Трудно было понять, чего больше было в его голосе – удивления или обиды.

– Извините, не знал… – удрученно произнес Мошенский. – Видите, как мы плохо знаем друг друга, хотя воюем вместе…

– Кто как, товарищ старший лейтенант! – с вызовом произнес Середа. – Лично я с вашей биографией знаком и о деловых ваших качествах своевременно информирован.

– Хорошо, – примирительно сказал Мошенский. – Не будем обижаться друг на друга. Есть дела поважнее, чем обиды. Тем более я не хотел…

Мошенский сел напротив Середы, с другой стороны стола. Помолчал. Чувствовал, что трудно ему говорить с Середой, особенно сейчас. И откуда «запас» Середы втемяшился в голову? Большой начальник сказал, а кто конкретно, Мошенский припомнить не мог… Все личное откладывал на потом, все не хватало времени. Если и говорил с комиссаром, то о подчиненных. Если советовался, то о делах на плавбатарее…

Чем более затягивалось молчание, тем отчетливее сознавал Мошенский, что его промашка с Середой на пользу разговору, которого он хотел. И Мошенский, тщательно подбирая слова, сказал:

– Я как раз за то, чтобы быть нам ближе. И нам с вами, Нестор Степанович, и с подчиненными. Вот видите, я страдаю формализмом. Требую от людей работу, а их самих не знаю. Буду перестраиваться. Но и вы, Нестор Степанович, согласитесь, последнее время все больше на статистику, на отчеты нажимаете, на дела, так сказать, формальные… А надо нам быть ближе к людям, знать их дела, настроение. В этом будет наш плюс. Одними бумажками мы коллектив не сладим.

Согласись сейчас Середа – и разговору конец. Но Нестор Степанович был человеком самолюбивым, особенно там, где дело касалось вторжения в его сферу деятельности, в политработу. В ней он, безусловно, не был новичком.

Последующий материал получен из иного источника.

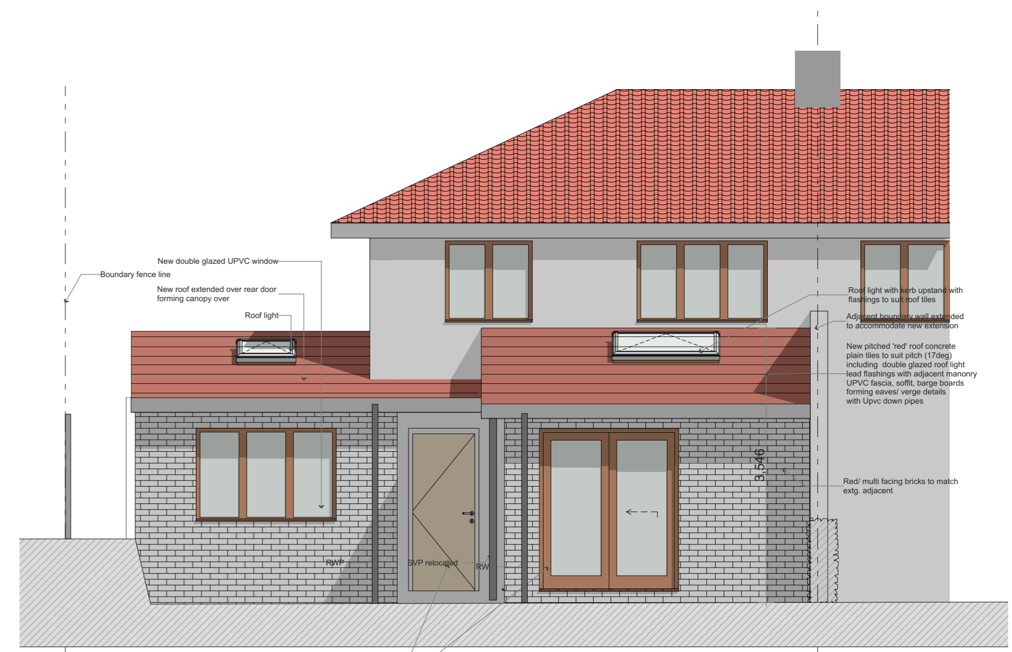
3 Elevation_Rear 1:50

– Ну, это вы зря… – хмуро возразил Середа. – Бумажка считается бумажкой, пока она чиста. Когда же на ней донесение по сути боевого дела – она политическое донесение. Документ! Уверен, что и вы отрицать этого не будете.

– Правильно уверены. Но настоящий коммунист, я в этом тоже уверен, силен своим общением с массами. Этому нас учил товарищ Ленин, и в этом мы с вами, к сожалению, не сильны. Надо нам признать свои ошибки и взяться за дело. Я так считаю.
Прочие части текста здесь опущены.